▸ DIRECTIONS:
The material below holds a span beginning at the line with "産岸通りから左折して西5号線のバス停前から北光通り方向" and ending at the line with "Κόβετε το ψωμί". Quote that span exactly, both ends included, and only that span.

▸ LISTED RECORDS:
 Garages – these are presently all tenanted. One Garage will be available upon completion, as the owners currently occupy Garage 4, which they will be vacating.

--

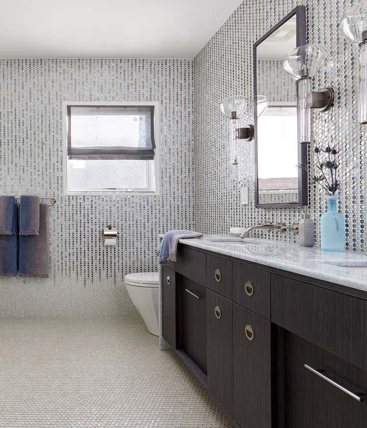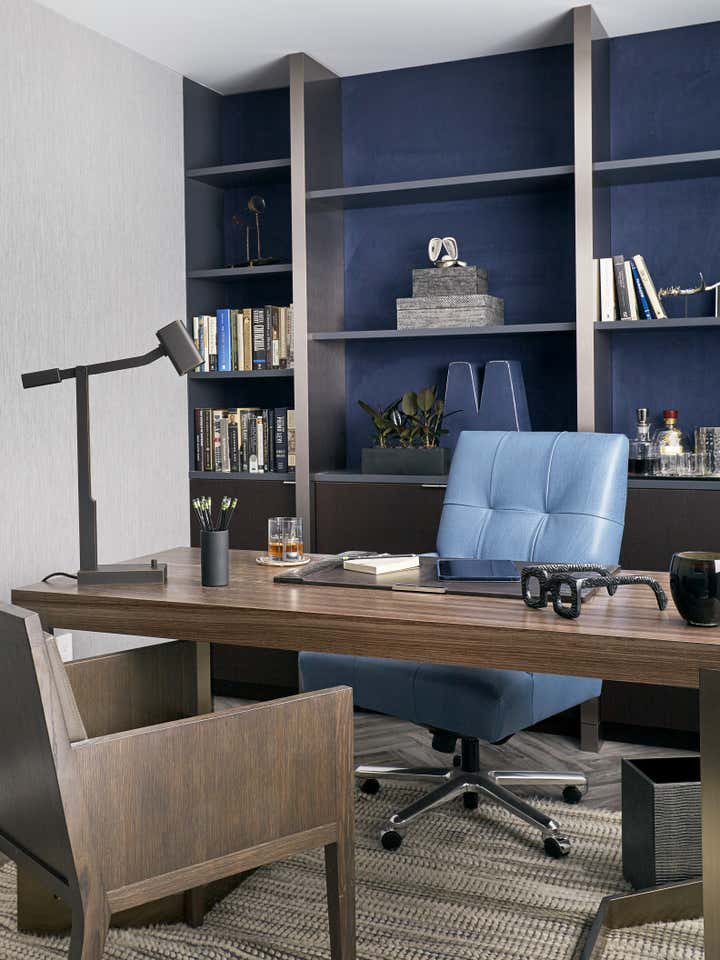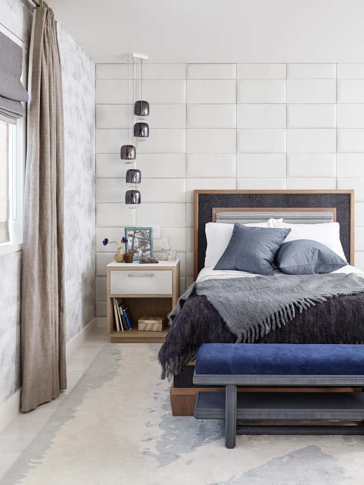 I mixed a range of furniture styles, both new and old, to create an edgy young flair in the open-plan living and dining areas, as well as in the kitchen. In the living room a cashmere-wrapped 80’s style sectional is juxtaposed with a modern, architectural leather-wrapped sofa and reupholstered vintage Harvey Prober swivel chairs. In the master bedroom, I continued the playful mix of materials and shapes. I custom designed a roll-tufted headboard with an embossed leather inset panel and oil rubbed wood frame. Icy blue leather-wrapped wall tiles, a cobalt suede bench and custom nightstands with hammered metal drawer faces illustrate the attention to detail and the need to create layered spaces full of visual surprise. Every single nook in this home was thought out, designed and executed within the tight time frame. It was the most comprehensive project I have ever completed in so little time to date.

...

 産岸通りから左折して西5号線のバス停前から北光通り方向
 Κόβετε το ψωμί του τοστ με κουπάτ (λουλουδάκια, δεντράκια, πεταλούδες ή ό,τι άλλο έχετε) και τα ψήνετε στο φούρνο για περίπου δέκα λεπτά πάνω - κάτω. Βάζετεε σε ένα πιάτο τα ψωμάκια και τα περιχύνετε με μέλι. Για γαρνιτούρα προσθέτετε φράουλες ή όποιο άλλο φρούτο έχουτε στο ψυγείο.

▸ SOLVED EXERCISE:
 産岸通りから左折して西5号線のバス停前から北光通り方向
 Κόβετε το ψωμί του τοστ με κουπάτ (λουλουδάκια, δεντράκια, πεταλούδες ή ό,τι άλλο έχετε) και τα ψήνετε στο φούρνο για περίπου δέκα λεπτά πάνω - κάτω. Βάζετεε σε ένα πιάτο τα ψωμάκια και τα περιχύνετε με μέλι. Για γαρνιτούρα προσθέτετε φράουλες ή όποιο άλλο φρούτο έχουτε στο ψυγείο.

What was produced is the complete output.